In the case of a steam or compressed air engine in which a portion of the rotor side surface is circular, the stator may be provided as shown in Figure 3:

- one polygon formed by the first transverse grooves 6 in the shape of a square, - two groups of sealed surface lines on the inside of the housing, i.e. longitudinal grooves 11 associated with two joints, ie groups of second transverse grooves 10, and - two radial channels 17, wherein two movable baffles pressed against the side surface of the rotor and provided with longitudinal grooves 11 can be displaced in a known manner, thereby forming an inlet chamber, an expansion chamber and an exhaust chamber, which are thus separated and sealed to one another.
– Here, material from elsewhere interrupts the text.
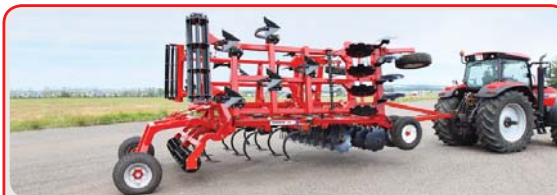
Комбинированный дискокультиватор « COMBIMASTER »

The described parts of the motor housing can be assembled together so that, for example, two parts of the housing are connected to the parts shown in Fig. 1 and the assembly is terminated by adding a blind transverse flange 2 which does not carry the housing part 1 but has only a circular groove formed therein. to fit the last casing part 1 over which it extends in the ring 4 with the holes 5. These rings 4 with the holes 5 provided with each transverse flange 2 allow a conventional assembly procedure for assembling the engine by spacers and threaded rods 18 with nuts 19 as 4 shows a stator for receiving four rotors 20 supported by the same shaft.

Claims (1)

SUBJECT A rotor motor seal comprising a stator comprising a casing and at least two transverse flanges and a rotor movable within said stator forming between its circumference and the inner surface of the stator elements of the engine working chamber, the seal comprising longitudinal sealing members housed in grooves formed in the stator. a stator housing along its surface lines, and transverse sealing members disposed in grooves formed on the inner surface of the transverse flanges, first transverse members arranged in at least three directions forming a polygon surrounding the rotor shaft, and second transverse members extending from the points of contact longitudinal sealing members with a circumferential flange circumference up to the first transverse members forming the polygon, characterized in that the longitudinal sealing members (23), the first transverse members (21) and the second transverse members (22) have straight lines. find the course, wherein the second transverse members (22) extending from the circumference (8) of the transverse flange (2) cross the first transverse members (21) forming the sides of the polygon, in faces different from the top faces of the polygon, and 23) and the second transverse members (22), as well as the intersection of the first transverse sealing members (21) and the second transverse sealing members (22) are formed by overlapping each other by interlocking notches (14, 15, 16) in the longitudinal sealing members (22). 23) and transverse sealing members (22, 21) with longitudinal expansion clearance (24), wherein the inner surface of the sealing members so connected is continuous and the thickness of the connecting sealing members at the crossing point is equal to the thickness of the sealing member (21, 22, 23) their mutual connection.